Chloroacetyl isocyanate (1) undergoes a variety of reactions, typical of the isocyanate class, including addition reactions with alcohols,2 amines,3 organic peroxides,4 ketene silyl acetals,5 hydrazines,6 2-pyrazolines,7 and triazoline-3,5-diones.8 In addition, the bifunctionality of this reagent endows it with specialized uses including the synthesis of heterocyclic rings9,10 and polymers.3,4

Addition-Cleavage Reactions: N-Unsubstituted Amides and Ureas.

Grignard reagents add to reagent (1) to afford mixed imides.11 These compounds may then be cleaved either reductively or hydrolytically at the chloromethyl-substituted carbonyl to give primary amides (eq 1).

Likewise, chloroacetyl ureas derived from (1) and primary amines are subject to regioselective cleavage by nucleophiles to give N-monosubstituted ureas.12

Condensation of (1) with photopyridones (b-lactams, eq 2)13 gave N-chloracetylcarbamoyl derivatives. Treatment of these compounds with Triethylamine in methanol gave the all-cis-1,2,3-trisubstituted cyclobutanes, whereas treatment with sodium methoxide in methanol afforded the trans,trans-cyclobutanes. The latter class of compounds provides an intermediate for the synthesis of oxetanosyl N-glycosides.

Related Reagents.

Chlorosulfonyl Isocyanate; Trichloroacetyl Isocyanate.

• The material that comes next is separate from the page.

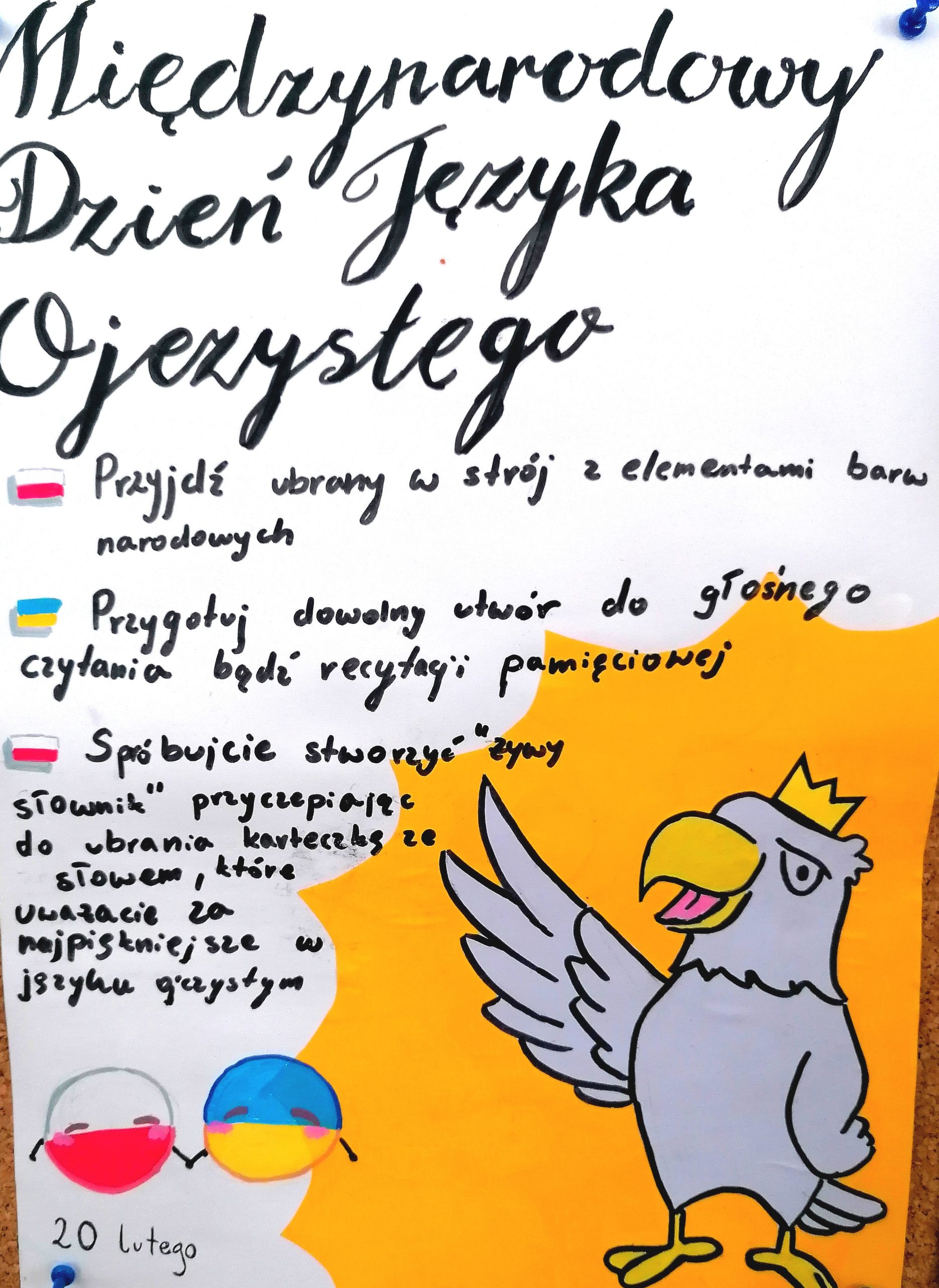 Międzynarodowy Dzień Języka Ojczystego (International Mother Language Day) to święto, którego celem jest ochrona różnorodności językowej jako dziedzictwa kulturowego. Dla Polaków powinno być to ważne wydarzenie, ponieważ nasz język jest wyjątkowy i piękny, choć także trudny. Trzeba więc go pielęgnować, a Międzynarodowy Dzień Języka Ojczystego jest do tego dobrą okazją. Nie mogliśmy pominąć tego święta w życiu naszej społeczności szkolnej.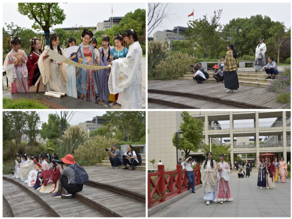 教职工书画协会的老师们援笔濡墨,倾情抒写,将对中国传统文化的热爱寄情于汉字之美;校学生社团琼花国学社的同学们展示了一场优美的“汉服秀”,他们身着各色汉服,或弄裾起舞,或临水抚琴,一颦一笑之间表达了对传统服饰文化的追慕之情;摄影协会老师们频频举起相机,找角度,寻光线,换镜头,时而相互交流,时而凝神构图,各自捕捉心中美丽瞬间。

1. Speziale, A. J.; Smith, L. R. OSC 1973, 5, 204.
2. Müller, E.; Dinges, K. Angew. Makromol. Chem. 1972, 27, 99.
3. Endo, T.; Noguchi, S.; Mukaiyama, T. BCJ 1971, 44, 3424.
4. Höft, E.; Ganschow, S. JPR 1974, 316, 569.
5. Cambie, R. C.; Davis, P. F.; Rutledge, P. S.; Woodgate, P. D. AJC 1984, 37, 2073.
6. Nuribzhanyan, K. A.; Kuznetsova, G. B. ZOR 1973, 1171.
7. Zobova, N. N.; Nazyrova, A. Z.; Litvinov, I. A.; Aganov, A. V.; Naumov, V. A. J. Gen. Chem. USSR 1991, 61, 1329.
8. Capuano, L.; Müller, K. CB 1977, 110, 1691.
9. Zara-Kacziàn, E.; Deàk, G. Acta Chim. Hung. 1989, 126, 723.
10. Anjaneyulu, B.; Nagarajan, K. IJC(B) 1991, 30B, 399.
11. Parker, K. A.; Gibbons, E. G. TL 1975, 981.
12. Marui, S.; Kishimoto, S. CPB 1992, 40, 575.
13. Katagiri, N.; Sato, H.; Kaneko, C. CPB 1990, 38, 288.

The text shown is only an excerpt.